Kita di rumah bukan berarti anti jamaah, anti kebersamaan dan anti persatuan sesama umat Islam dalam beribadah. Tetapi kita ingin menyelamatkan diri kita, keluarga, jamaah kita dan saudara-saudara kita dari serangan virus mematikan bernama corona. Apalagi ini hanya bersifat sementara, toh nanti setelah corona pergi, setelah semuanya kembali berjalan normal apa adanya, kita bisa kembali ke luar rumah, bekerja, bermasyarakat, beribadah, berjamaah seperti sediakala.

Musibah penyebaran covid-19 juga memberikan pelajaran kepada kita akan gambaran nyata saat datangnya kiamat. Lihatlah  ka’bah ditutup, tempat-tempat ibadah dihentikan aktifitasnya, tiada  lagi sholat jumat dan anjuran untuk beribadah di rumah. Inilah sinyal yang dikirimkan Allah kepada kita, bahwa di akhir zaman nanti hal ini akan benar-benar terjadi. Ini baru korona yang datang, bagaimana nanti jika Dajjal yang menyerang? Bukan lagi kita dilarang menjalankan ibadah, segala hal akan diputar balikkan. Kebenaran akan terlihat salah. Kemungkaran akan terlihat benar. Surga seperti neraka dan neraka seperti surga. Yang haram semanis halal dan yang halal sepahit haram.

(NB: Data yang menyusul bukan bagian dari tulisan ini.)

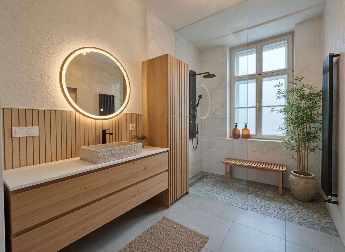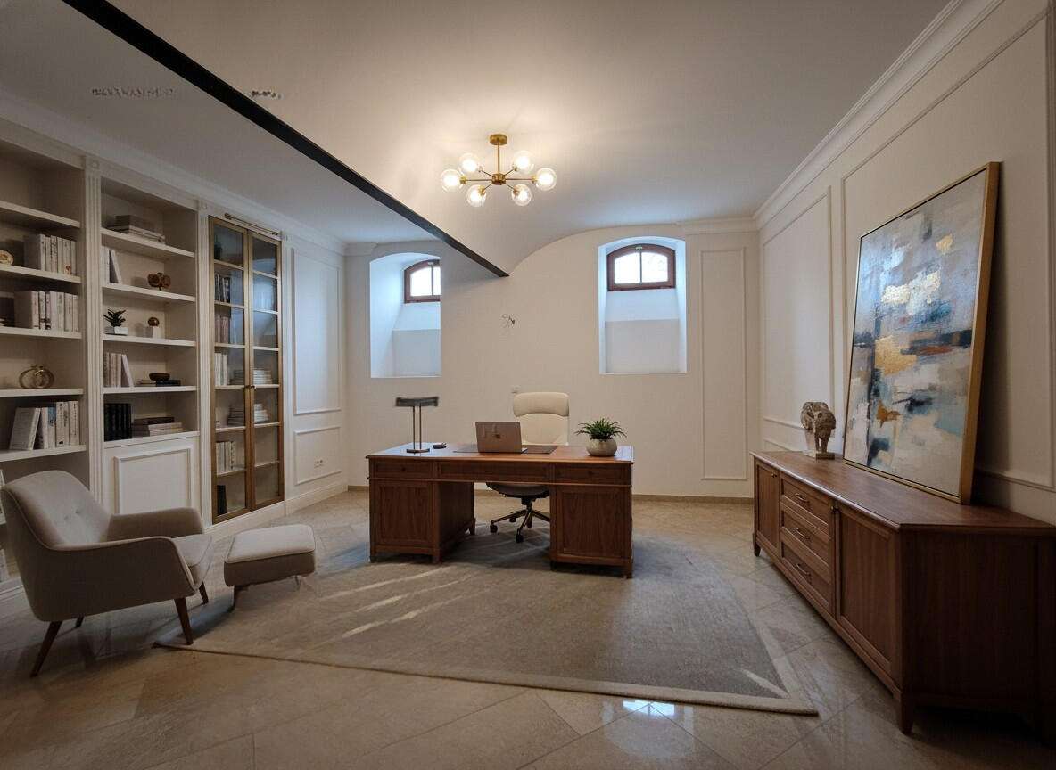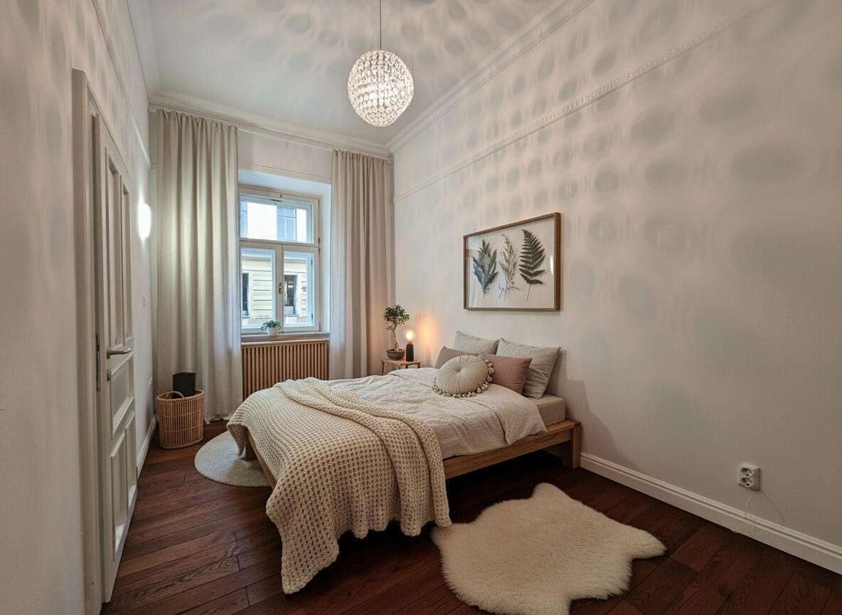 Апартаменты располагают обширной кухней с обеденной зоной, плавно переходящей в залитую светом гостиную через арочный проход. Две спальни, одна из которых выходит в подвал с обустроенным дополнительным жилым пространством. Также имеется изолированный санузел и просторная ванная. Свет заливает помещение благодаря его восточно-западной ориентации, а высокие потолки и массивные стены подчеркивают своеобразие городской архитектуры.
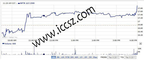 新飛通(NeoPhotonics)公司(紐約證券交易所:NPTN)2月2日宣布其首次公開發(fā)行750萬普通股,每股定價(jià)11美元。NeoPhotonics公司已授予承銷商有權(quán)選擇購買除公開發(fā)售外的112.5萬超額配股權(quán)。普通股已于2011年2月2日以“NPTN”股票代碼在紐約證券交易所上市交易。新飛通2月9日收盤價(jià)為17.93美元,較前日漲幅6.98%。

Mari belajar dari fenomena corona, ia mampu memutar balikkan segalanya. Dengan adanya corona, bersatu jadi runtuh dan berpisah jadi kuat. Bersama jadi bahaya, berpisah jadi aman. Social distancing menjadi norma baru serta pilihan bijak yang dapat kita lakukan saat ini.

Semoga musibah pandemi corona segera berakhir dan kita dapat memetik hikmah di balik peristiwa ini, sehingga kita siap menghadapi segala kemungkinan-kemungkinan dalam kehidupan selanjutnya. Dan pada akhirnya, kita menjadi manusia yang benar-benar terbiasa menjalani normal dan norma hidup yang baru di masyarakat.